Fecha: 26 de Mayo de 2020

Tribunal: AP - Madrid

Ponente: VIÑUELAS ORTEGA, ADELA

Nº de sentencia: 177/2020

Núm. Cendoj: 28079370012020100156

Núm. Ecli: ES:APM:2020:3796

Núm. Roj: SAP M 3796/2020


Encabezamiento


Sección nº 01 de la Audiencia Provincial de Madrid
C/ de Santiago de Compostela, 96 , Planta 4 - 28035
Teléfono: 914934435,914934730/553
Fax: 914934551
MMG236
37050100
N.I.G.: 28.079.00.1-2019/0006879
Apelación Juicio sobre delitos leves 287/2020
Origen:Juzgado de Instrucción nº 24 de Madrid
Juicio sobre delitos leves 155/2019
Apelante: D./Dña. Celia
Letrado D./Dña. MARINA TERESA RODRIGUEZ DE LIEBANA ESPINOSA
Apelado: D./Dña. MINISTERIO FISCAL
SENTENCIA Nº 177/2020
ILMOS. SRES.
D./Dña. ADELA VIÑUELAS ORTEGA
En Madrid, a veintiséis de mayo de dos mil veinte .
AUDIENCIA PROVINCIAL DE MADRID
SECCION PRIMERA
Rollo de apelación número 287/2020
Juicio por Delito Leve número 155/2019
Juzgado de Instrucción número 24 de Madrid
La Ilma. Sra. Doña Adela Viñuelas Ortega, Magistrada de esta Audiencia Provincial, Sección Primera, actuando
como Tribunal Unipersonal, ha pronunciado la siguiente
SENTENCIA
En Madrid, a
En el presente recurso de apelación del Juicio por delito leve han sido partes como apelante Doña Celia y el
Ministerio Fiscal como apelado.

Antecedentes


PRIMERO. - En el indicado juicio por delito leve se dictó sentencia con fecha 1 de diciembre de 2019 con los hechos probados y fallo que se dan por reproducidos.

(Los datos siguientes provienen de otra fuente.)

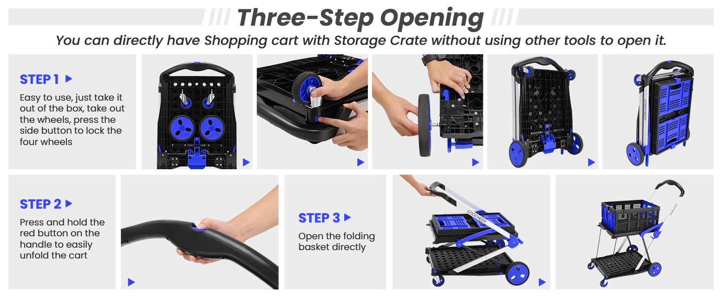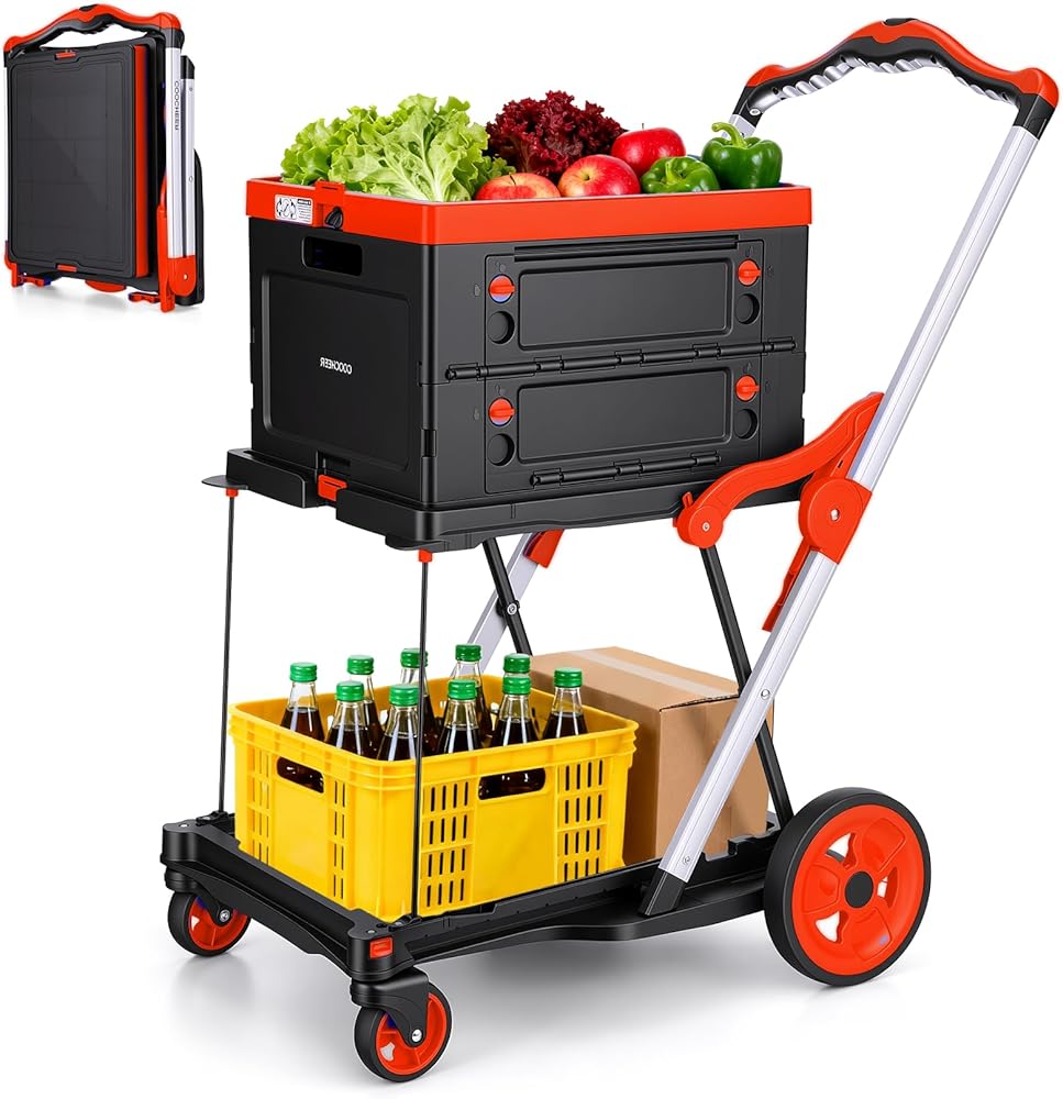 ✨تخزين مريح 🚘احمل العناصر الصغيرة بشكل آمن باستخدام صندوق التسوق العملي الخاص بك والمتضمن مع كل عربة متدحرجة! عند عدم الاستخدام، يمكن طي سلتك متعددة الاستخدامات للتخزين بدون مشاكل.

SEGUNDO. - Contra dicha sentencia se ha interpuesto el recurso de apelación anteriormente identificado que han sido admitido a trámite, dándose traslado al Ministerio Fiscal, quien lo ha impugnado, tras lo que se han remitido las actuaciones a esta Sección, sin que se haya considerado necesaria la celebración de vista.

HECHOS PROBADOS UNICO. - Se dan por reproducidos los expresados en la sentencia recurrida que se aceptan en su integridad.

Fundamentos


PRIMERO. - En el presente caso la parte recurrente impugna la sentencia al considerar que ha incurrido en una infracción del principio acusatorio al imponer una pena no solicitada ni por el Ministerio Fiscal ni por la Acusación Particular.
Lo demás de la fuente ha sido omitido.